State human services officials had not seen the lawsuit as of yesterday afternoon. Department of Human Services spokeswoman Toni Schwartz said officials will read the complaint before issuing any statements.

Under the Compact of Free Association, Hawaii, Guam, the Commonwealth of the Northern Mariana Islands and American Samoa share $30 million in funding to alleviate the burden the migrants may place on health, educational, social or public-sector services.

Guam has the largest share of the pot, with $16.8 million. Hawaii has $11.2 million, all dedicated to "supplement state funds to support indigent health care," according to the U.S. Office of Insular Affairs.

That is not enough for the state, which spends up to $50 million a year on medical assistance for migrants, said state Human Services Director Lillian Koller during a July interview with the Star-Advertiser, after the plan went into effect. The state spends about $130 million a year on total public services to migrants.

"There was no serious effort made to try to help Hawaii deal with this burden for so many years," Koller said. "The little bit we get now doesn’t even come close to what the costs are. It shows a real lack of political will."

Without the reduced benefits plan, which would save the state up to $15 million a year, layoffs and program cuts could occur, Koller said. The benefits should be funded in full by the federal government, she said.

"We are doing the best we can. We do care about all people who live here," Koller said, "but we have not been able to garner the help we need to offer what these people deserve."

Koller and Gov. Linda Lingle have made numerous requests for more funding, to the U.S. Department of Homeland Security and U.S. Sens.
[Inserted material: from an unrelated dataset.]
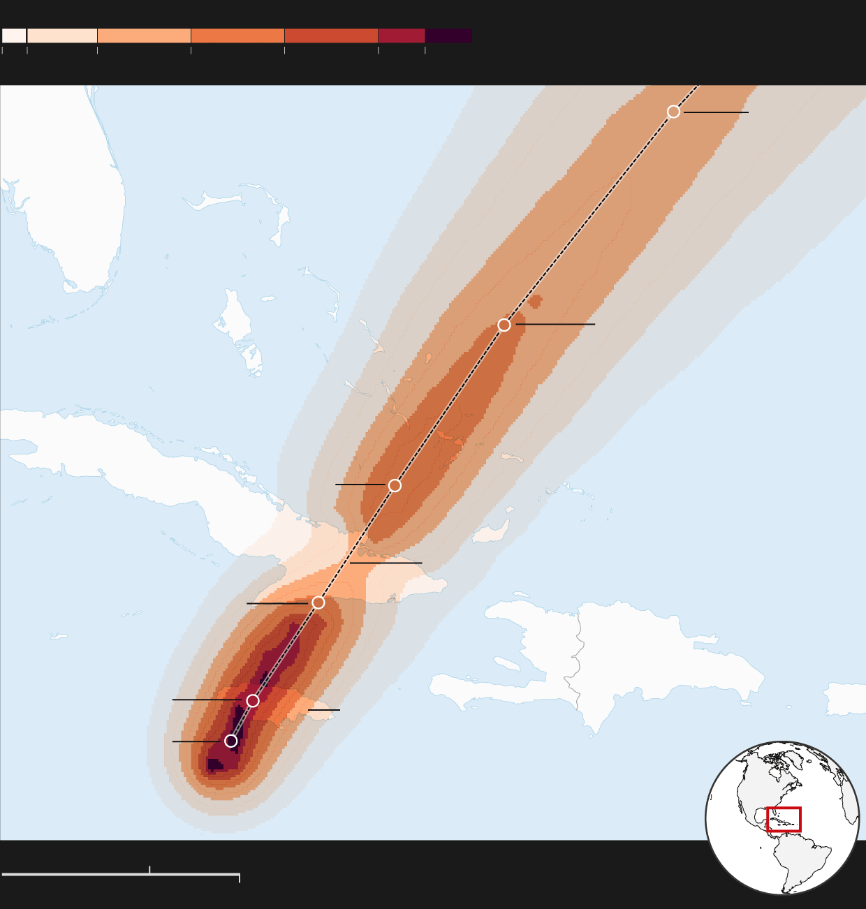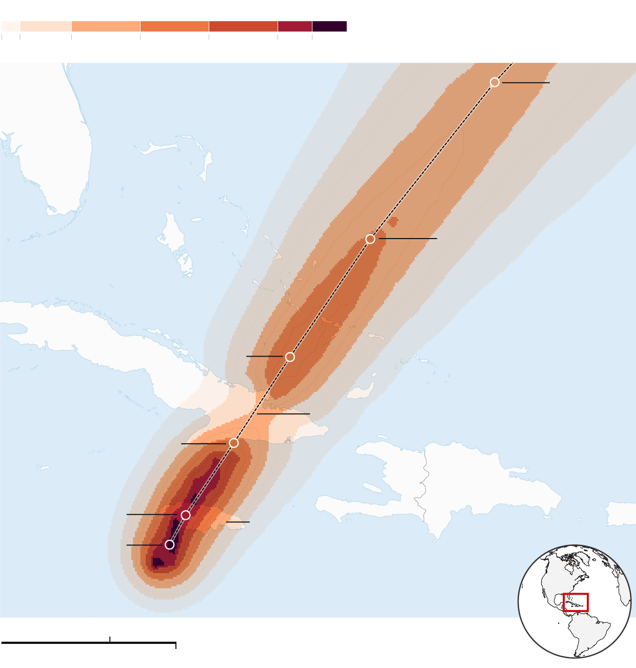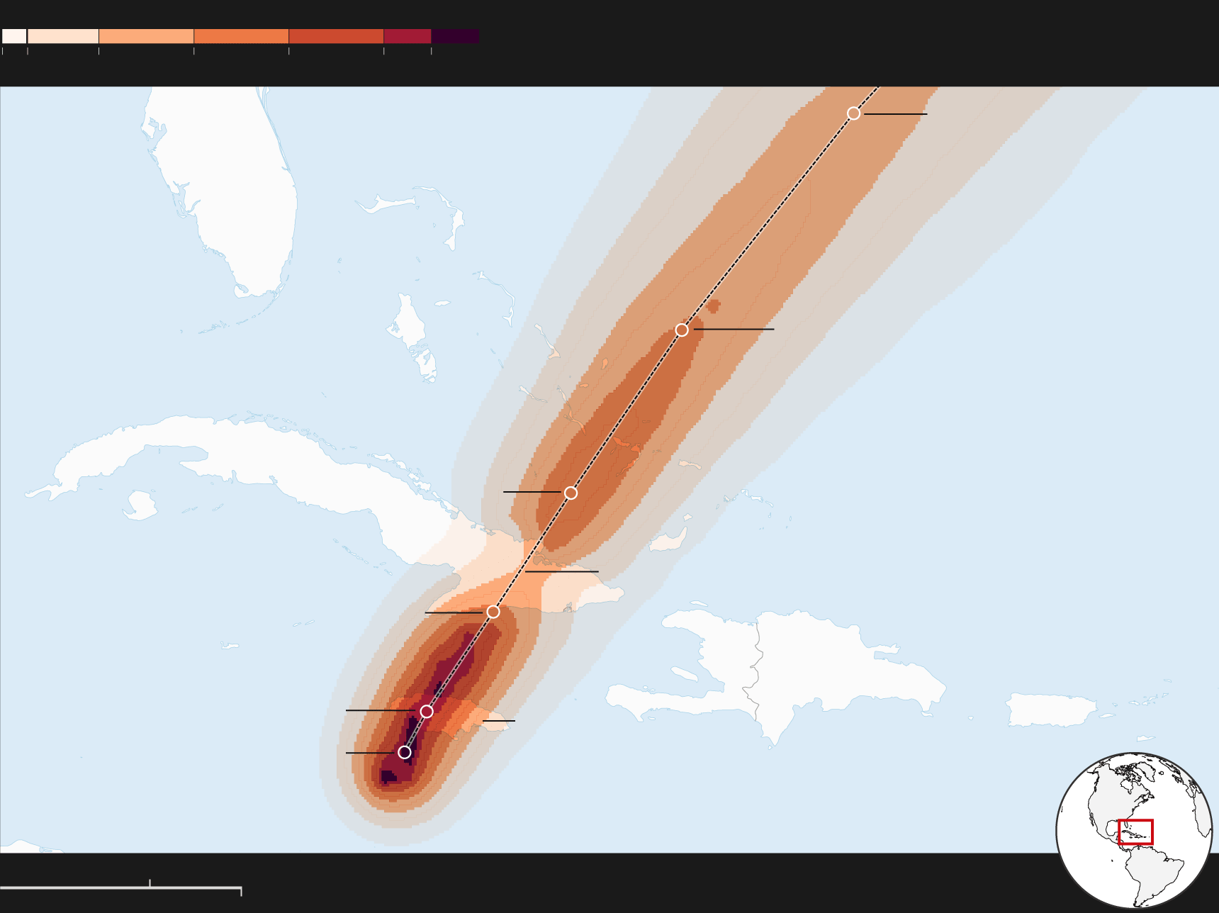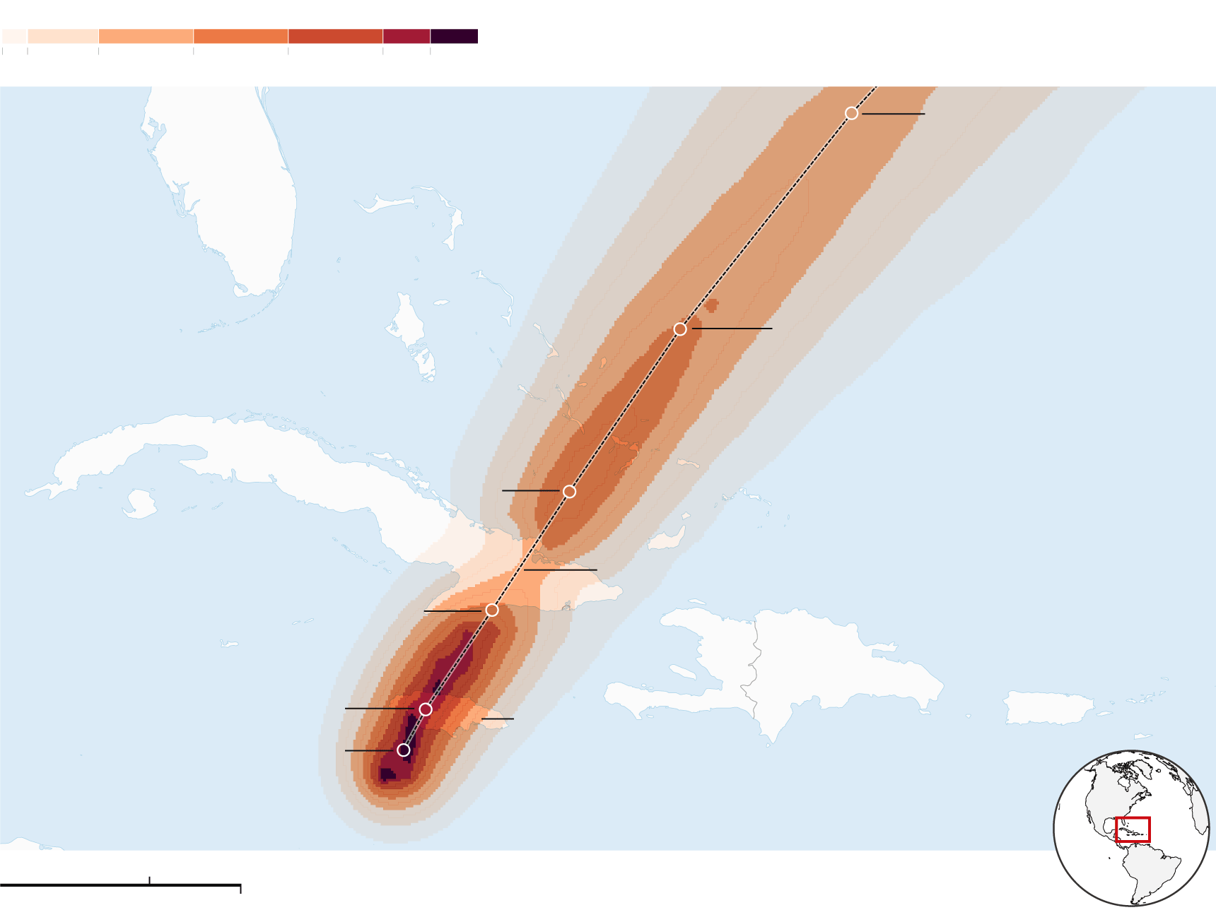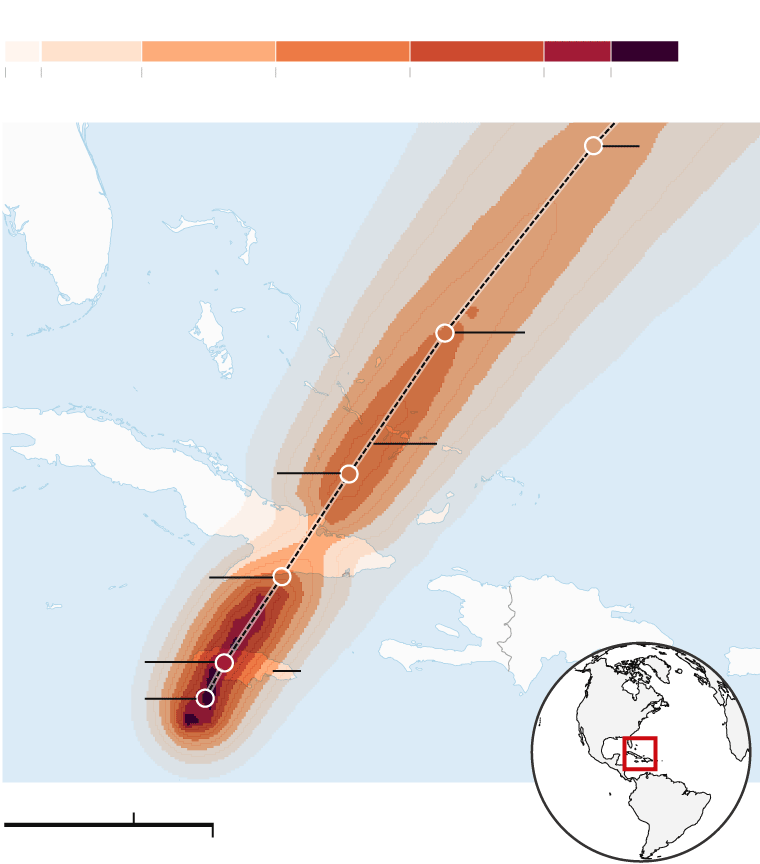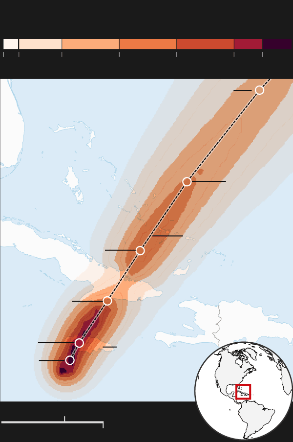 Probability of hurricane-force winds, five-day forecast

Daniel Inouye and Daniel Akaka.

"Many of these migrants arrive with health conditions that require costly and extensive treatment," Lingle wrote in a letter to Homeland Security Secretary Janet Napolitano in February. "They also arrive without adequate financial resources and without enough education or training to help them in obtaining employment. … The compact clearly provides that ‘it is not the intent of Congress to cause any adverse consequences for an affected jurisdiction.’"

Hawaii’s congressional delegation did gain the potential to bring in a so-called disproportionate- share allowance to local hospitals. The allowance is $2.5 million per quarter through December 2011.

"They have secured some significant federal resources to pay for uncompensated care provided in Hawaii hospitals that could be used to provide services for compact migrants," said Inouye’s spokesman, Peter Boylan. "However, the state needs to release the necessary matching resources."